期刊名称:International Journal of Advanced Research In Computer Science and Software Engineering
印刷版ISSN:2277-6451
电子版ISSN:2277-128X
出版年度:2012
卷号:2
期号:4
出版社:S.S. Mishra
摘要:Databases are rich with hidden information that can be used for intelligent decision making. Classification and prediction are two forms of data analysis that can be used to extract models describing important data classes or to predict future data trends. Such analysis can help provide us with a better understanding of the data at large. Whereas classification predicts categorical (discrete, unordered) labels, prediction models continuous valued functions. The data analysis task is classification; Decision tree induction is the learning of decision trees from class-labeled training Tuples. A decision tree is a flowchart-like tree structure. The individual tuples making up the training set are referred to as training tuples and are selected from the database under analysis. Training data are analyzed by a classification algorithm. Many classification methods have been proposed by researchers in machine learning, pattern recognition, and statistics. Most algorithms are memory resident, typically assuming a small data size.

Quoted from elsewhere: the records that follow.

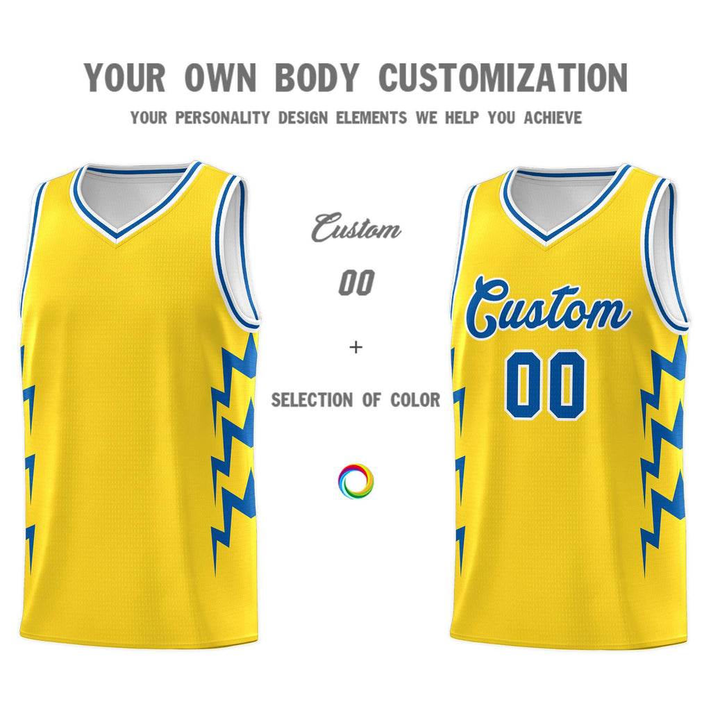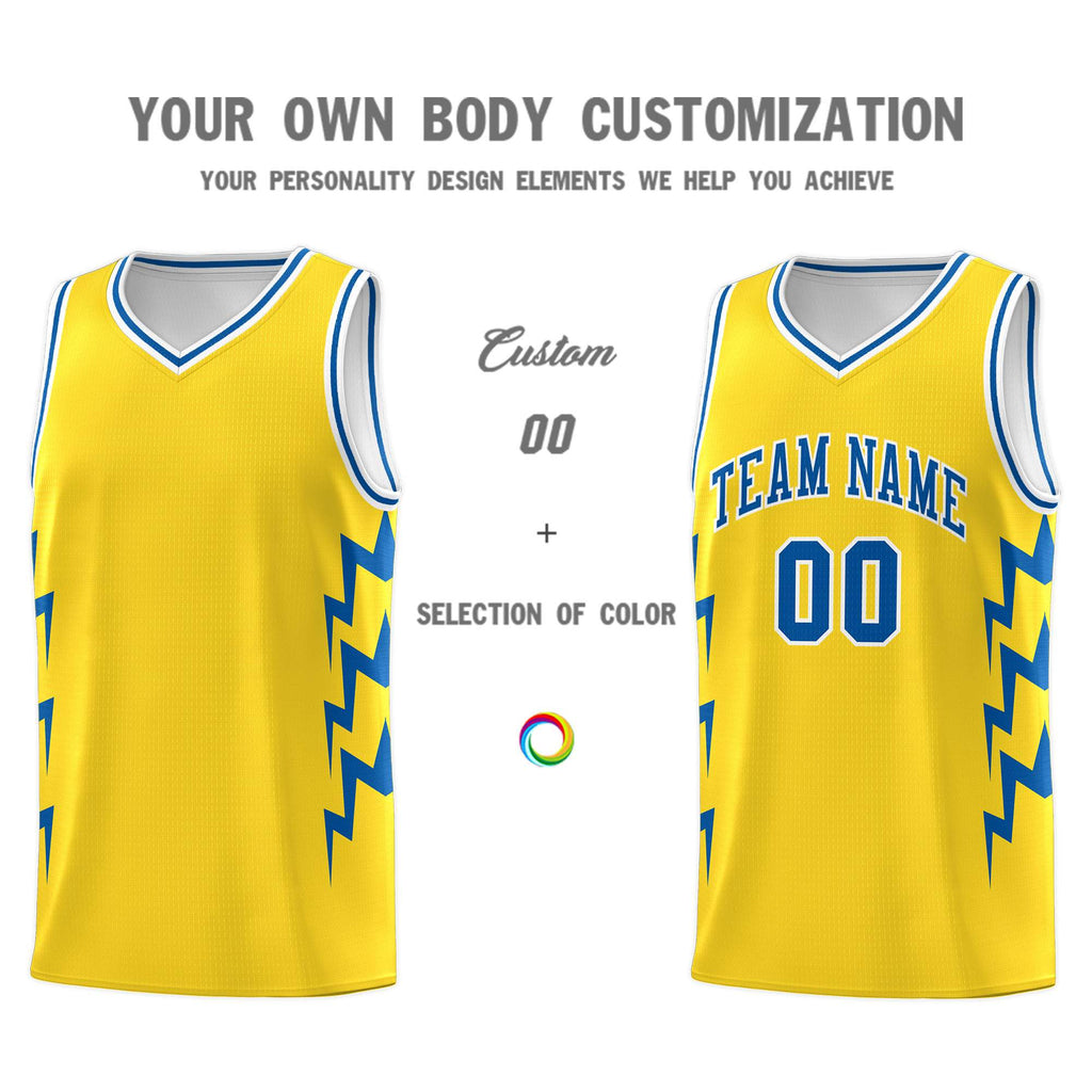 Custom Gold Side Lightning Pattern Sports Uniform Basketball Jersey
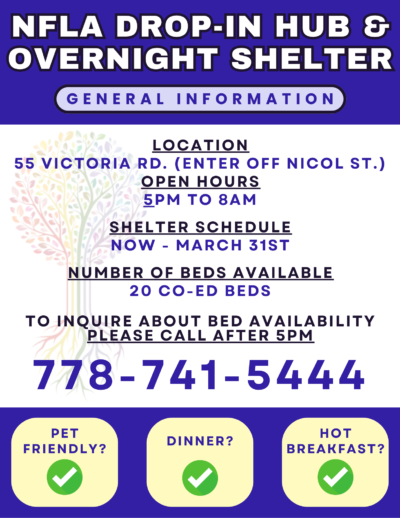 Located at 55 Victoria Road in the heart of Nanaimo, BC, the NFLA Hub Temporary Winter Shelter offers a vital service for those in need during the colder months of the year. Open from 5:00 PM to 8:00 AM every night, seven days a week, the shelter provides a warm, safe, and supportive environment for individuals experiencing homelessness or housing instability.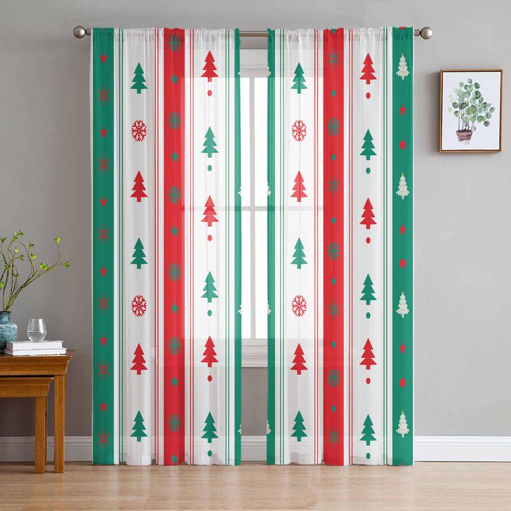 Christmas Tree Striped Snowflakes Sheer Curtains for Kids Bedroom Living Room Voile Window Curtains Tulle Drapes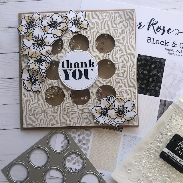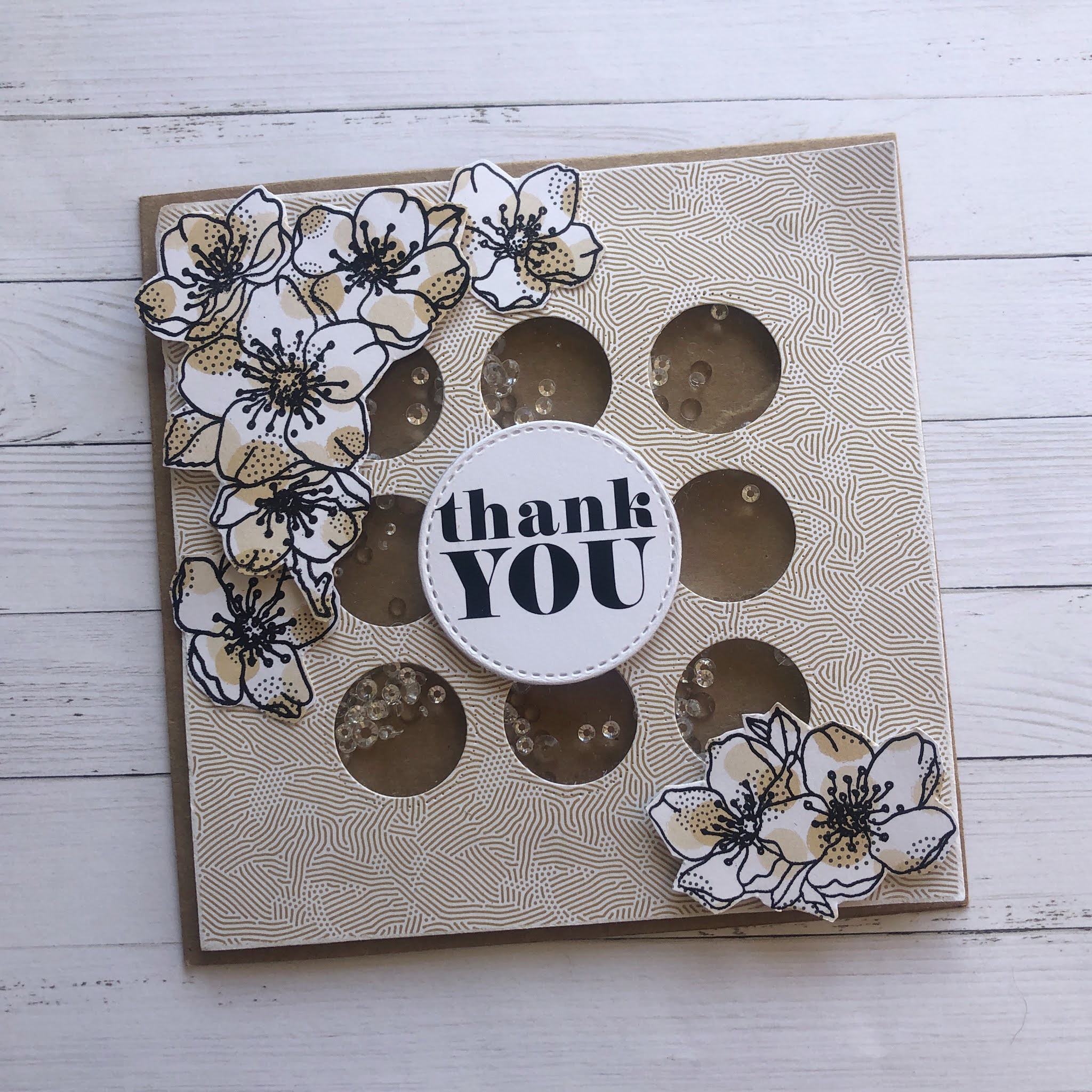 One sheet I have used with the 18596 Circle Grid Coverplate die to make the shaker background. Some foam tape and 19499 Clear Crystal mix and the shaker is complete.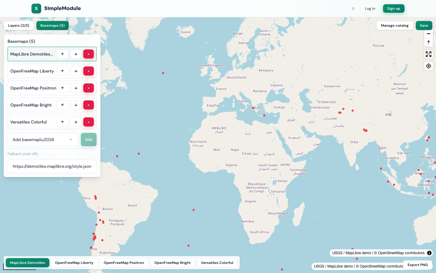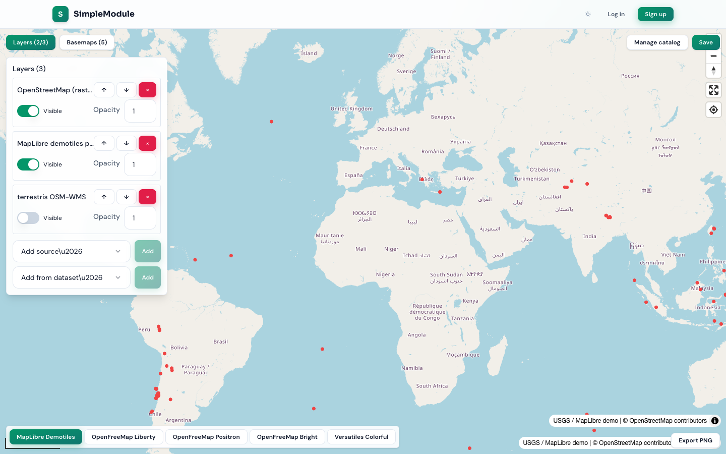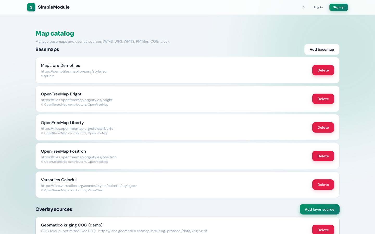 Screenshots — redesigned full-screen mapAll screenshots verified to show visible map tiles rendering correctly after the layout fix. 1. Default map — full-screen with all controls visible2. Layers floating panel (expanded from top-left button)3. Basemaps floating panel with reorder, delete, add, and fallback URL4. Basemap switched to OpenFreeMap Liberty (detailed vector tiles)5. Layer visibility toggled off (OSM raster hidden, only earthquake points visible)6. Layer removed (terrestris WMS deleted, 2 layers remain)7. Catalog management page |

In this paper we describe a basic algorithm for learning decision trees called Decision Tree Induction. During tree construction, attribute selection measures are used to select the attribute that best partitions the tuples into distinct classes. Popular measures of attribute selection are given. When decision trees are built, many of the branches may reflect noise or outliers in the training data. Tree pruning attempts to identify and remove such branches, with the goal of improving classification accuracy on unseen data. Tree pruning and Scalability issues for the induction of decision trees from large databases are discussed
关键词:Classification; Decision Tree Induction; Data partitions; Information gain; Gain ratio; Gini index and Tree ;Pruning.